Caroling is one of the few times I can feel that great feeling from my youth—that God is in his heaven and all’s well with the world. The average carol only lasts a few minutes, but for that short span, I can almost believe—it’s very cozy. Usually, I don’t allow myself the indulgence—day-to-day life is only made more difficult by subscribing to wishful thinking—but Christmas only comes once a year, so what the hell. A little fantasy never hurt anyone.
This year I somehow decided to get very serious about the caroling videos—recording the songbooks from first song to last, so that I don’t have to wonder which ones I’ve done or which ones I’ve left out. I sometimes get serious about my YouTube videos—like with this one trio of Brahms Intermezzi I recorded last year, or the various Bach suites and partitas for keyboard. But my amateur-level piano technique doesn’t really stand up to serious scrutiny, so the projects usually fall apart before I’m finished recording the whole mess.
I’m getting more tenacious in my old age though, I guess—I’m closing in on the full Big Book of Christmas Songs—with today’s posting of twenty more carols, I’ve reached the ‘S’s—so, alphabetically, I’m almost to the finish line. And I am eager to finish this largest and most traditional of my Christmas Carol songbooks, because then I move on to the more popular-song Christmas music songbooks—and they’re a lot more fun/familiar and easier to play. Also, for all subsequent books, I plan to skip any carol already included from a previous book’s videos.
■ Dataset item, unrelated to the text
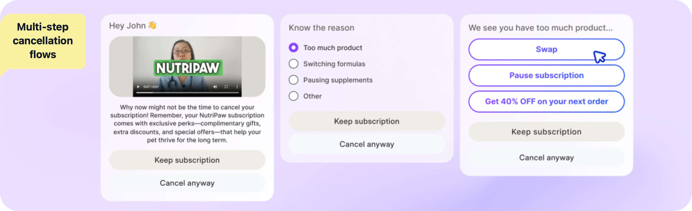 The cancellation attempt. When a subscriber clicks "Cancel subscription" on Loop, they enter a multi-step flow with reason-based branching. A subscriber canceling because the product is too expensive sees a discount offer. One canceling because they have too much product sees a skip or reschedule option. One who wants to try something different sees a swap interface. Each branch is configurable — no code, no developer, no third-party app.
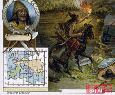会战的结果,匈奴输了这一回合。失利的匈奴首领阿提拉以马鞍堆起小山,小山上挤着嫔妃,堆满金银珠宝,阿提拉端坐其间,这真有些破釜沉舟的感觉——一旦彻底战败,阿提拉将与珠宝和嫔妃一起自焚。阿提拉有着典型的匈奴人的外形,宽阔的臂膀上顶着一颗硕大的头颅,面色黝黑,胡须粗硬,鼻子扁平,一对鹰一般的小眼睛让人不寒而栗。和那些简单粗暴的蛮族首领不同的是,阿提拉不但是一位能征善战的将军,还是一位出类拔萃的-家。在与罗马人大会战的16年前,也就是公元435年,阿提拉杀了自己的哥哥,夺取了匈奴的最高统治权。

Time, as always, is chivvying me on—less than two weeks until Christmas, and these videos seem to take more time and effort with every post. I always over-do the Carol-playing—so, as the holidays go on, I get more troubled by back-strain, hand-tremors, and weakening eyesight (some music publishers are criminal in their demands on sight-readers—such tiny print). I reach a point where I’m actually conserving my strength for the live Christmas caroling—when a roomful of people are expecting me to accompany actual singing.
In the final result, by New Year’s Eve, I am more than happy to put the carol books away for another year—a full-month’s immersion in any genre is usually enough for me. But I wouldn’t give up my Christmas carols for all the tea in China.
ttfn.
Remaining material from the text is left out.